- Required action
Would you copy exactly the lines in the data below from the one that has "天眼查App显示,近日,湖北" through the one that has "小舟 魅麗叶さんを姓名の画数から五運を鑑定", dropping any pictures?

- Data excerpts

══════

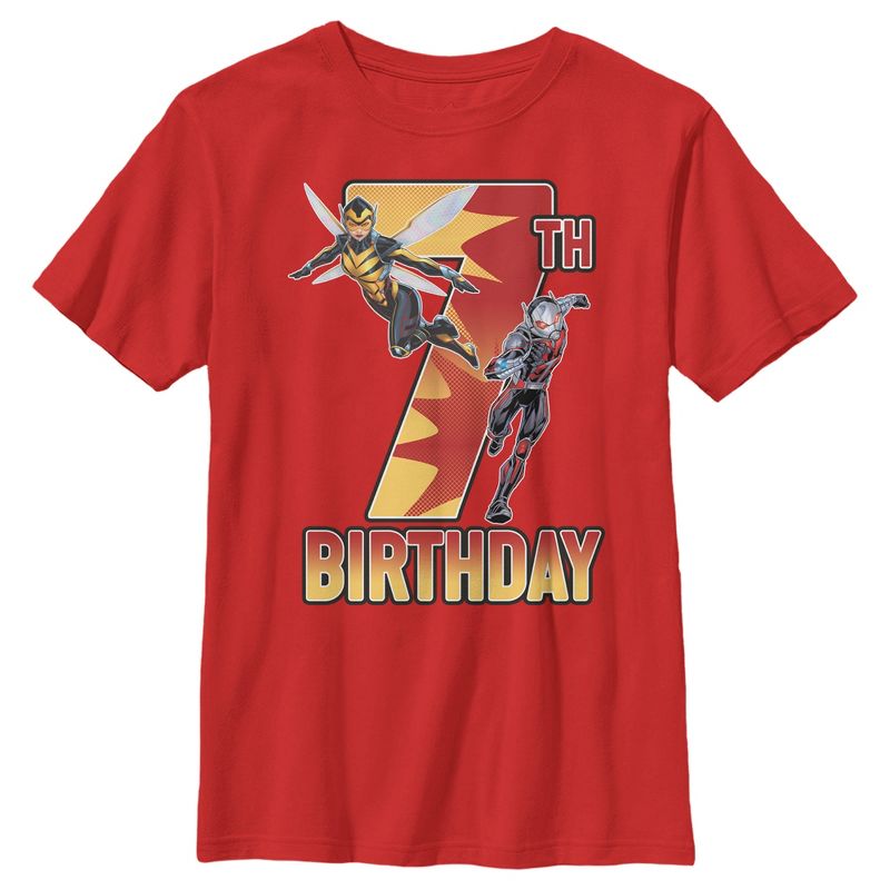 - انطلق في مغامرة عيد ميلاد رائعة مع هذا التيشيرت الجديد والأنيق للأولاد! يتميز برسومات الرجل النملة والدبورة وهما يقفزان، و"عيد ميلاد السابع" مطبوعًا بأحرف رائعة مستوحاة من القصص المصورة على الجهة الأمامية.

══════

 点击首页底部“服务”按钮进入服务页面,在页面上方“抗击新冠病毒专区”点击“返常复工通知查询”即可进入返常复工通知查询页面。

══════

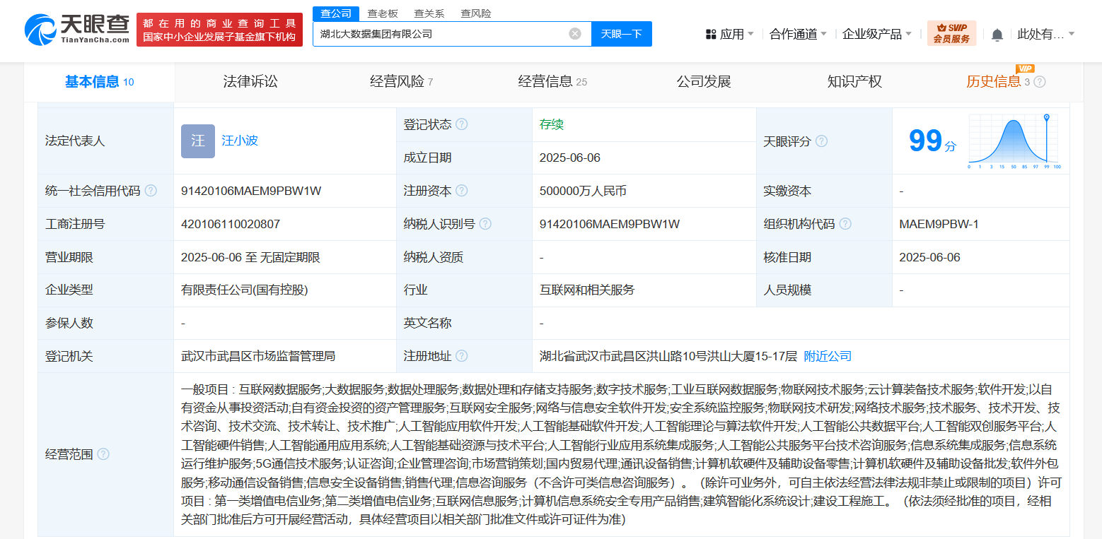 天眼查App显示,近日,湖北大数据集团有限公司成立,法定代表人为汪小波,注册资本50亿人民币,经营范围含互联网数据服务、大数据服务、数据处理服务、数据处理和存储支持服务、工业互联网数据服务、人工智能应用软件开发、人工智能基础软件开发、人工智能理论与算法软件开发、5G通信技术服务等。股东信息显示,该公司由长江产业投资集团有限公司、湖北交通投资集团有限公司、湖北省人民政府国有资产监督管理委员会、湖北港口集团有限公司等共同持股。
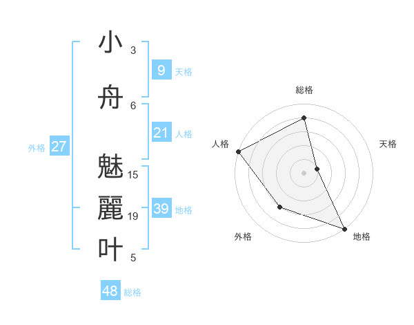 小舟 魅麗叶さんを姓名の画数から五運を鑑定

══════

- Expected answer
 天眼查App显示,近日,湖北大数据集团有限公司成立,法定代表人为汪小波,注册资本50亿人民币,经营范围含互联网数据服务、大数据服务、数据处理服务、数据处理和存储支持服务、工业互联网数据服务、人工智能应用软件开发、人工智能基础软件开发、人工智能理论与算法软件开发、5G通信技术服务等。股东信息显示,该公司由长江产业投资集团有限公司、湖北交通投资集团有限公司、湖北省人民政府国有资产监督管理委员会、湖北港口集团有限公司等共同持股。
 小舟 魅麗叶さんを姓名の画数から五運を鑑定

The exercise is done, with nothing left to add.